A conceptual design for predicting glioma grades based on radiomic features.

Database and equipment

This study was performed in accordance with relevant guidelines and regulations approved by the institutional review board at the University of Tokyo hospital. Ethical approval for the study was also provided by the review board (reference number: 11770-[1]). Written informed consent was obtained from all subjects within the validation dataset collected in our hospital.

The brain CE-T1WIs and T2WIs archived in the cancer genome atlas glioblastoma multiforme (TCGA-GBM)24 and low-grade glioma (TCGA-LGG)25 collections of the cancer imaging archive (TCIA)26 were used in this study. Specifically, 157 malignant glioma patients’ preoperative CE-T1WIs and T2WIs (grade III: 55, grade IV: 102) with tumor segmentations, which were distributed via a third-party analysis using TCGA-GBM and TCGA-LGG collections27,28,29, were used as the primary dataset. The CE-T1WIs and T2WIs distributed by the third-party analysis using these collections have been transformed into the same coordinate system and interpolated to 1-mm3 isotropic voxels29. The tumor segmentations were delineated using a computerized framework and corrected by a neuroradiologist29. In the segmentations, there were three types of labels: (i) non-enhanced tumor and necrosis, (ii) enhanced tumor, and (iii) edema region29. Cho et al. verified that in accordance with their results, the enhanced and non-enhanced regions should be taken into account for grading the LGGs and HGGs17. Therefore, the tumor segmentations excluding the edema regions were used in this study. TCGA-LGG and TCGA-GBM are multicentered collections. Then, the imaging information and patients’ characteristic have been mentioned in the cited articles24,25,27,28,29.
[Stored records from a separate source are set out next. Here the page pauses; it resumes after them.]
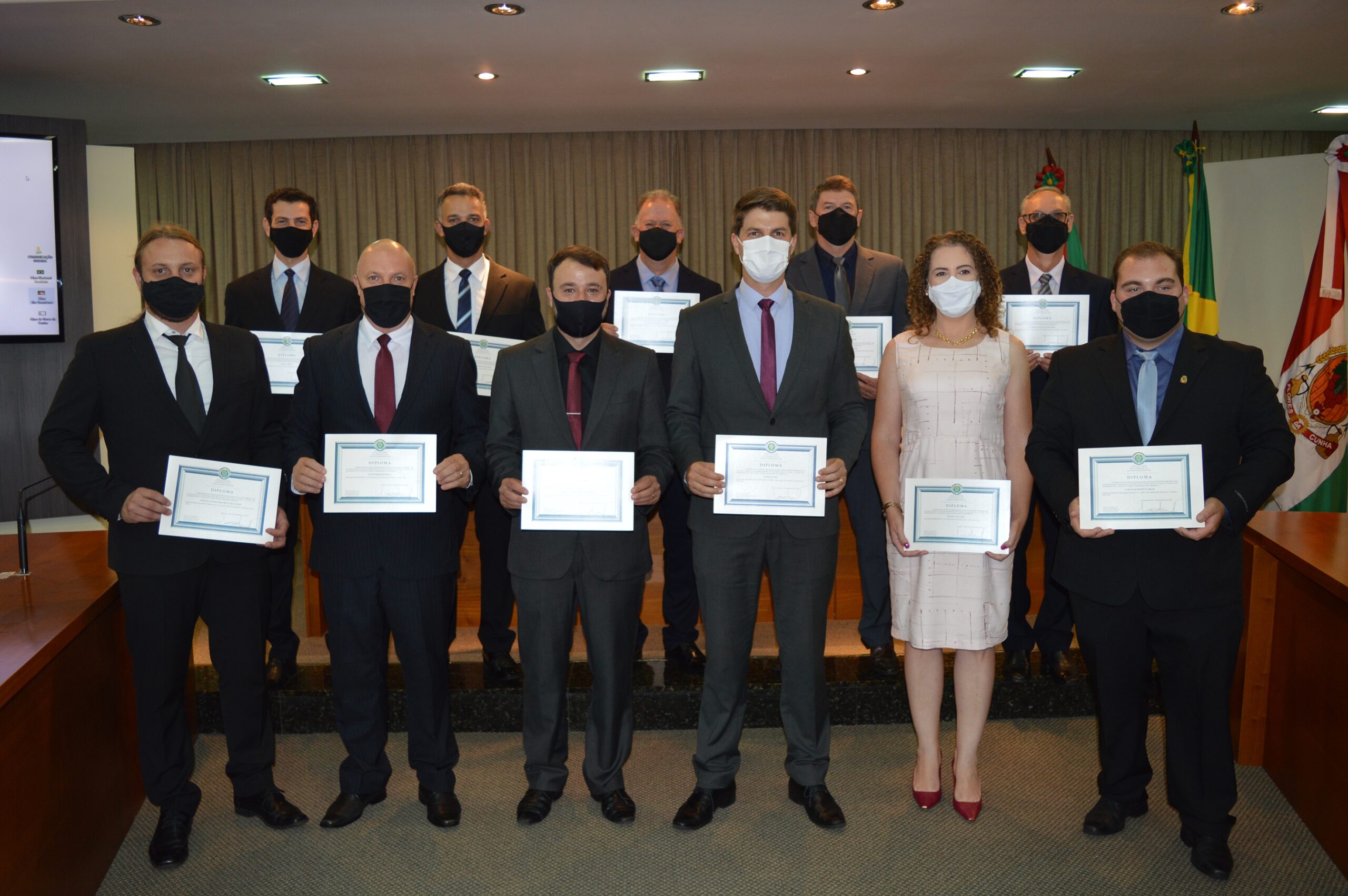 O prefeito eleito de Flores da Cunha, César Ulian (Progressistas), o vice-prefeito Marcio Rech (Republicanos) e os vereadores para o mandato 2021-2024 foram diplomados na tarde desta quinta-feira, dia 17 de dezembro, na Câmara de Vereadores. A solenidade foi comandada pelo juiz da Comarca de Flores da Cunha, Enzo Carlo Di Gesu, e acompanhada pelo promotor Stéfano Lobato Kaltbach, e pelo chefe do cartório da 68ª Zona Eleitoral, Gelson Molardi.
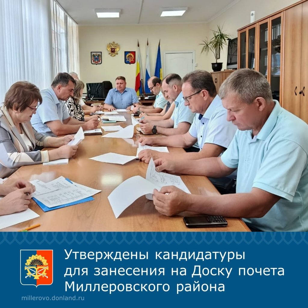 В Миллеровском районе возобновлена традиция размещения на Доску почета фотографий граждан – лучших работников предприятий и организаций. Под председательством главы администрации Олега Коваленко состоялось заседание комиссии по утверждению кандидатур для занесения на Доску почета Миллеровского района. Рассмотрели ходатайства от трудовых коллективов, организаций и органов местного самоуправления. Отобраны 30 кандидатур для занесения на Доску почета в 2025 году. Доска почета будет обновляться ежегодно. Занесение кандидатов на Доску Почета является поощрением граждан за заслуги и высокие достижения.
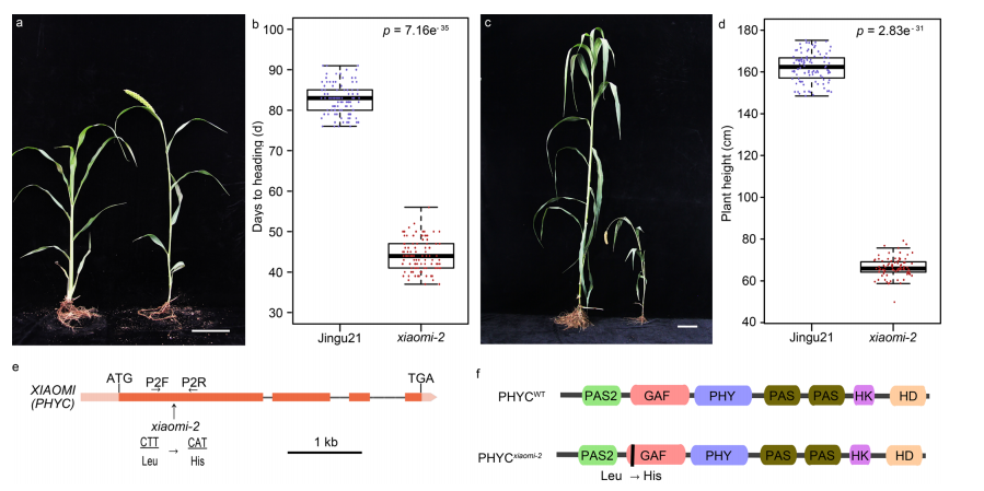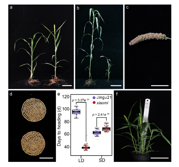 “小米”主要有以下特征:(1)表現(xiàn)出極早的開花表型:抽穗期39天(播種后天數(shù),DAS)左右,約70天內(nèi)完成了生命周期。而野生型(晉谷21,WT)的平均抽穗期約為82 天(DAS),成熟期為130 DAS(圖1b、c);(2)“小米”比野生型矮(圖1b),但結(jié)實率高12.83%,且種子大小沒有顯著差異(圖1d);(3)“小米”在短日(SD,10h光照/14h暗)條件下比長日(LD,16h光/8h暗)條件下的抽穗晚了約一個月,表明“小米”的早期抽穗依賴于LD條件(圖1e)。通過延長日長和優(yōu)化其他條件,可以將“小米”的生命周期縮短到65天,株高約為29厘米(圖1f),每年可以在成長室里完成5到6代。(4)僅需較小的種植面積,類似于種植等量的擬南芥植株。
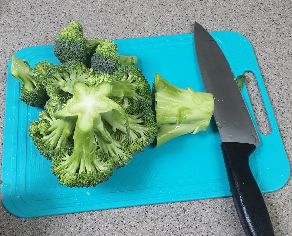 깨끗하게 세척한 브로콜리는 도마에 올려주시고요.

The validation dataset comprised brain CE-T1WIs and T2WIs (with tumor region data) acquired preoperatively from 67 malignant glioma patients in our hospital. The mean number of days between image acquisition and surgery for all patients was 13.7 (range: 1–67). None of the patients underwent any treatment prior to the image acquisition that could influence the intensity of the MR images. Table 1 lists the patients’ characteristics in the validation dataset for this study. There were 22 grade III (anaplastic astrocytoma (AA): 8, anaplastic oligodendroglioma (AO): 9, anaplastic oligoastrocytoma (AOA): 5) and 45 glioblastoma (GBM) grade IV patients. The isocitrate dehydrogenase (IDH) mutation and O6-methylguanine-DNA methyltransferase (MGMT) methylation statuses for the GBM patients are listed in Table 1. The CE-T1WIs and T2WIs were acquired using 3.0-T MR scanners (Signa® HDx and HDxt, GE Healthcare, Chicago, IL, USA). The CE-T1WIs were acquired after bolus injection of gadolinium-based contrast agents. The ranges of the repetition time (TR)/echo time (TE) for all CE-T1WIs were 380–640 ms/8–12 ms. The matrix size, pixel size, slice thickness, and spacing between the slices of the CE-T1WIs were 256 × 256, 0.82 × 0.82 mm2, 5.0 mm, and 6.0 mm, respectively. In the T2WIs, the range of TR/TE, matrix size, pixel size, slice thickness, and spacing between slices were 4320–4640 ms/80.77–89.28 ms, 512 × 512, 0.41 × 0.41 mm2, 3.0 mm, and 3.0 mm, respectively. The bit depth of the MR images was 16 bits per pixel (bpp). The CE-T1WIs and T2WIs were transformed into the same coordinate system using ITK-SNAP (ver. 3.6). A radiation technologist (T.N.) manually delineated the tumors excluding the edema regions on the MR images for all patients to extract the radiomic features; this delineation was performed under the supervision of a radiation oncologist (W.T.) and a radiologist (S.K.) for quality assurance. A commercial radiation treatment planning system (Monaco® ver. 5.11, Elekta, Stockholm, Sweden) was used for the tumor delineations.

Table 1 Patients’ characteristics in the validation dataset for this study.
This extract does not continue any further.